In the meantime, my husband points out a mahogany tree. It is huge and I am wondering how I will distinguish it from similar looking trees. I don’t remember seeing one before or if I did, it has slipped my memory. I feel the same about the calabash tree that is bearing two calabash fruit. I am sure I must have seen these when I was a child.









Later, they will become a hallowed out gourd that will be turned into decorative bowls sold in a souvenir shop.

 I take a picture of this one and hope I can identify it later—the tree whose fruit is green and looks a little bigger than a breadfruit. I have deleted pictures before because I couldn’t remember what kind of tree I had taken a photo of and my husband was also clueless.


My husband’s cousin, Margret, drops us off at our place after the brief consultation, but soon I am out again to buy a bottle of Rivers rum, Grenada's  best known. I remind myself that I should buy a bottle before I leave. It costs thirty-six Grenadian dollars ($13.00).


There are cheaper Grenadian rums. I only buy rum to make rum punch or once in a blue moon have a rum and coke—the only way I will drink it. Today I discovered a mauby drink. Another drink I can add to my list of discoveries. The first is Angostura (lemon, lime and bitters) which is non-alcoholic and delicious.


I must say that I miss some childhood drinks that I found difficult to find at first. I associate drinks like, cream soda, with my British Caribbean childhood.   Of course, there were medicinal drinks like "sena," "Ferrol,"and "cod liver  oil" which were spooned out weekend purges that still make me shudder just thinking about them.          

I am thinking however that our parents and grandparents were already sailing on the good health ship.




I have already had pawpaw, sour-sap and three mangoes today. That is still under the required number of fruit you should eat to maintain a healthy life but they will do.

It has been reported that many people on the island Okinawa in Japan live to reach a hundred years or more.  They eat at least seven fruit a day and maintain many healthy habits. It is also said that in their dialect there is no word for "retired." And they are never in a hurry.







neighbor's house







I have checked my duvet which is ninety percent dry but the bath rugs are still wet because of the short heavy rain that fell earlier. I decide to pick them up tomorrow after moving them to a sheltered area just like my neighbor. Tomorrow I will wash again and so will my neighbor.

My husband has gone to Courts’ Department Stores to ask for a copy of the washing instructions. I hope the machine will work correctly after this.


When I go out onto the street I am amazed at the number of new homes and number of new cars that ply the roads.

Grenada has 30 percent unemployment, yet there is an abundance of new SUVs. I haven’t seen an old dilapidated car yet.










      I am now thinking about a young man who came up to me near Grand Anse Beach and said he was from St.

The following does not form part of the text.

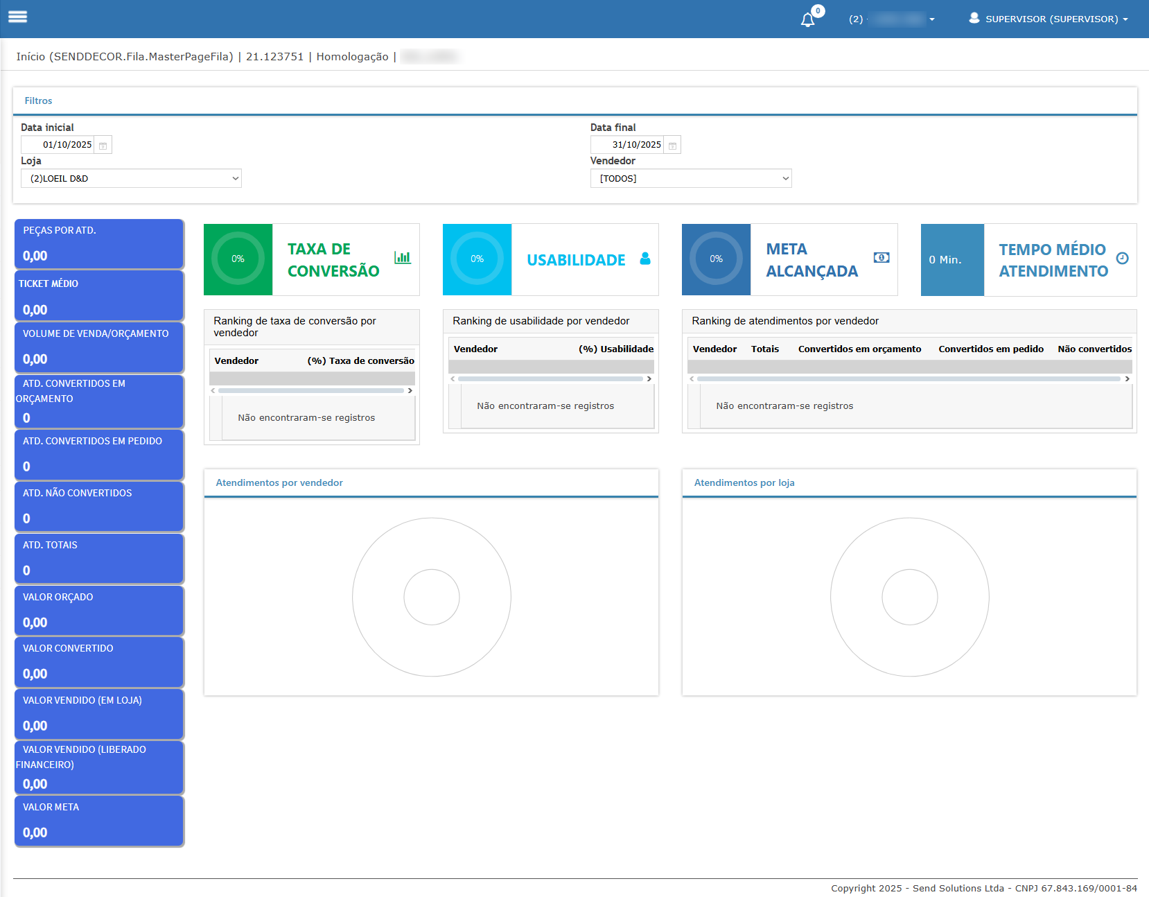 - Acessar a página de início, note que não terá nenhum atendimento;

John’s Parish, and unemployed. He asked me for $2.00 GD to buy something to eat. I am always suspicious of beggars, but I give him $1.25. It is enough to buy a roasted corn. It is filling.






Dinner time is here.  It is a nice Caribbean vegetable  (yam, plantain, carrots, dasheen, dumplins and pigeon peas) and meat soup made by my husband.



After dinner I read and read and read —no internet, no TV. Good night. Sweet dreams.





1 comment:

  1. My husband and I read this together. I had to explain what some of things were. Brought back looks of memories-some good, some not so good. But such is life.